There's also that tic that psychologists call cognitive dissonance. If reality has square edges, you file them down. You buy a diesel car. Then you read about the dangers of unburnt nanoparticles, but brighten up when a friend says that diesel cars have lower CO2 emissions.
Last year I was invited to India by a friend. I felt awful about burning, in a few hours, the equivalent of a couple of years of my normal carbon output and, for this among other reasons, did not go. But I could have filed down those square edges, couldn't I? Reduced the dissonance. After all, as one friend said, we only produce 2 per cent of global carbon in Britain. China and India are the problem. The friend who invited me commented: "I think the plane is going to fly that day whether you are on it or not."
My own response was to say, if there were rationing of long-haul flights to a globally sustainable level, I would go. There isn't, and I didn't.

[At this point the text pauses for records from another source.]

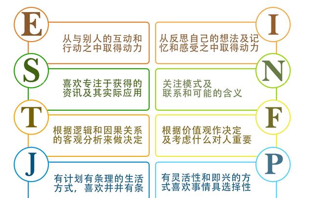 他們具有洞察力,是很好的觀察者,注意常規以外的任何事物,ENFP型的人好奇,他們更喜歡理解而不是判斷,他們相比于職業規劃更喜歡生涯規劃這個大概念,凡事一切可以有助于他們實現理想或促進他們實現理想的事情他們都喜歡去做。 16型人格 邁爾斯-布里格斯類型指標(Myers–Briggs Type Indicator,MBTI)是由美國作家伊莎貝爾·布里格斯·邁爾斯和她的母親凱瑟琳·庫克·布里格斯共同制定的一種人格類型理論模型,該指標以瑞士心理學家卡爾·榮格劃分的8種心理類型為基礎,從而將人格的心理類型理論付諸實踐,經過二十多年的研究后,編制成了邁爾斯-布里格斯類型指標。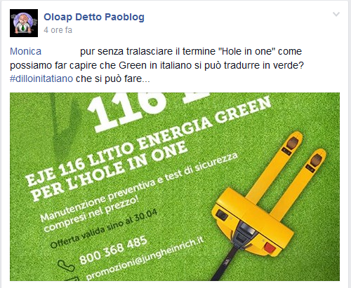 Probabilmente l’hanno riciclata da pubblicità equivalente in inglese? Oppure hanno come target specifico quello dei golfisti!!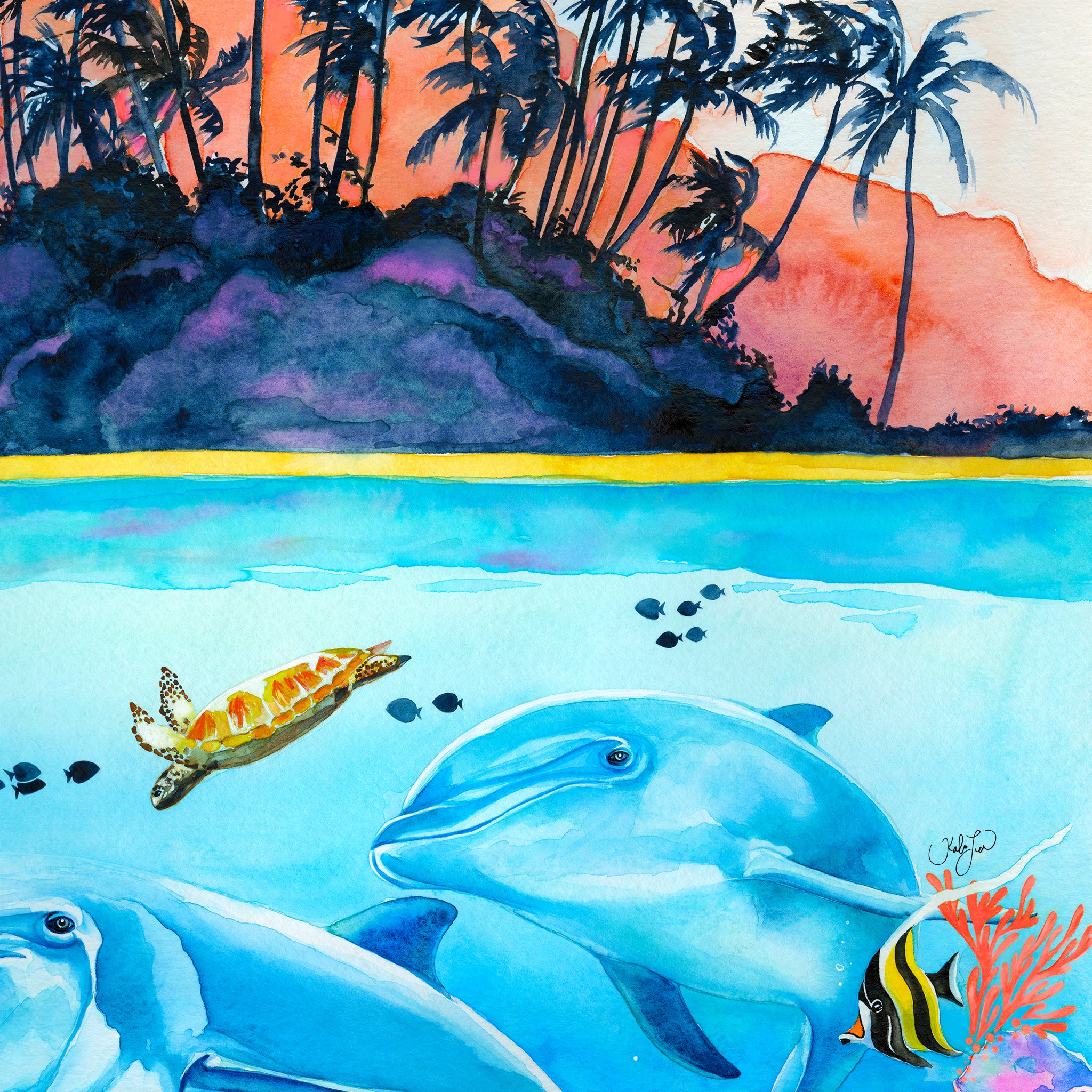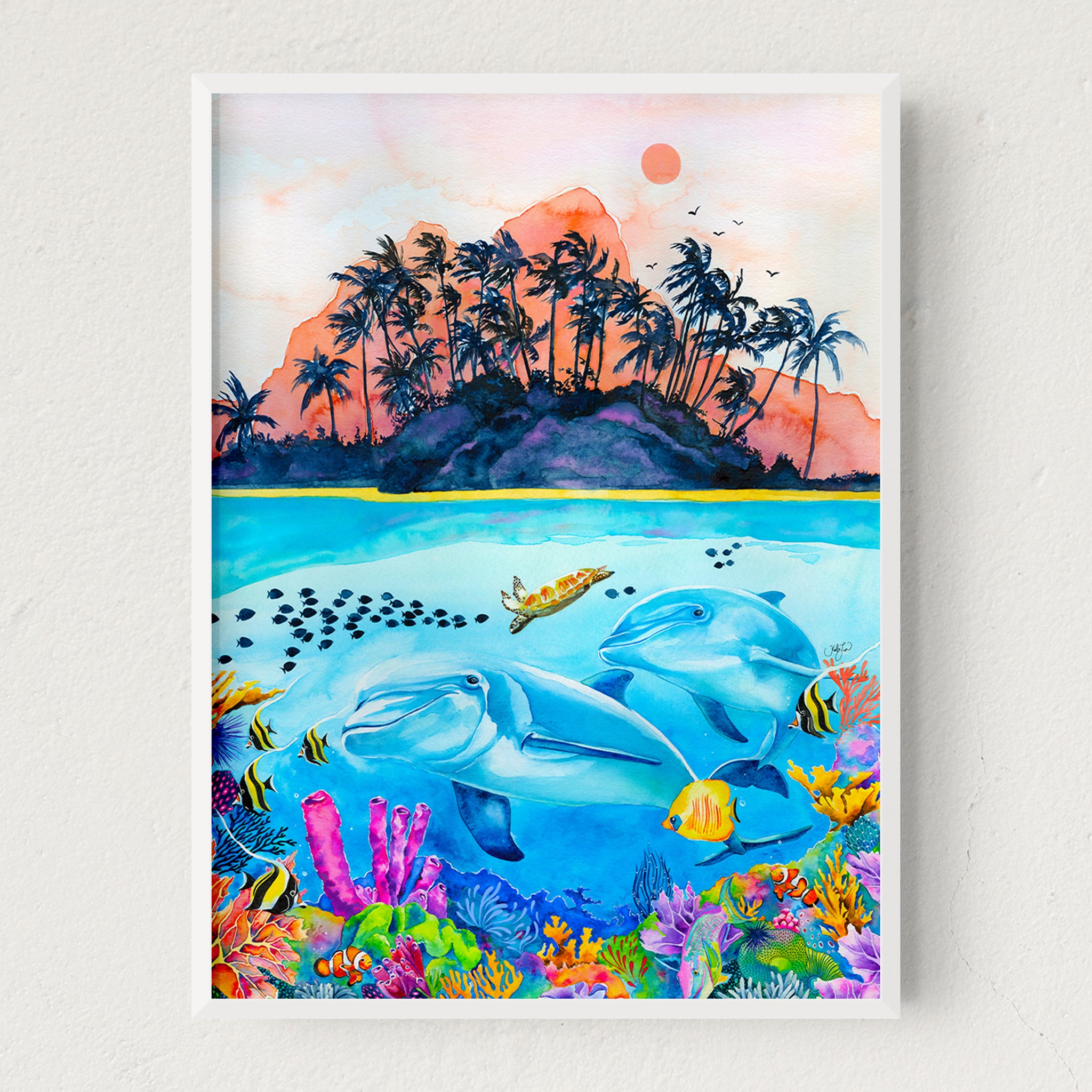 High quality inkjet print of an original watercolor painting by Kahlia Lear. All artwork is printed in house with vibrant pigment inks on 100% cotton rag 315gsm archival matte paper. Colors may vary due to monitor settings. Frames are shown for display purposes only and not included.

The point is that, bizarrely, dealing with climate change is, so far, presented to us as a lifestyle choice. The current ads from the Energy Saving Trust urging us to switch off are the equivalent of wartime posters saying how it would be really helpful if you could black out your windows during air-raids. Accordingly, our response to the threat of climate change is lost in complex and contradictory individual responses. There's the sense too, of the futility of boycott. Why should I stop flying if no one else does?
As Mike Childs, a climate campaigner at Friends of the Earth, points out: "At the moment the economic signals [to the individual] are that climate change doesn't really matter. The economic signals don't suggest you should do the right thing. So there may have to be punitive taxes on flying to India or Prague, so you say, 'that's a ridiculous amount of money, I can't afford to fly there'."
Should there be rationing? Coupons for carbon? "The idea of a trading scheme, with tradeable quotas, say in aviation, has its attractions," says Childs. "Then it's not all down to the individual." He accepts, however, that there may have to be "catastrophe that creates a groundswell of public pressure" for drastic action.
In the past, wars were won using the brutality of conscription. Cities were defended and populations fed through regulations and rationing. If human populations are to survive against a far bigger threat than Hitler or al-Qa'ida or avian flu, won't governments have to be brutal? Turn off the power, perhaps? It's been done before, so surely it's do-able. We won't fly for our holidays and we won't drink Evian and maybe we'll even enjoy the spirit of the carbon blitz. If we're lucky, the Gulf Stream won't turn off and we won't end up with the climate of Newfoundland.
But according to Professor Pidgeon, we're just not going to change our behaviour enough voluntarily. "We could all end up with low-energy lightbulbs but still flying to the Alps for the weekend. Under those circumstances, a government is going to have to take some pretty tough action."
We are challenged, morally, to change our behaviour, as individuals, but the bigger challenge is for our leaders to come up with a proper coordinated survival plan. They'll need our backing.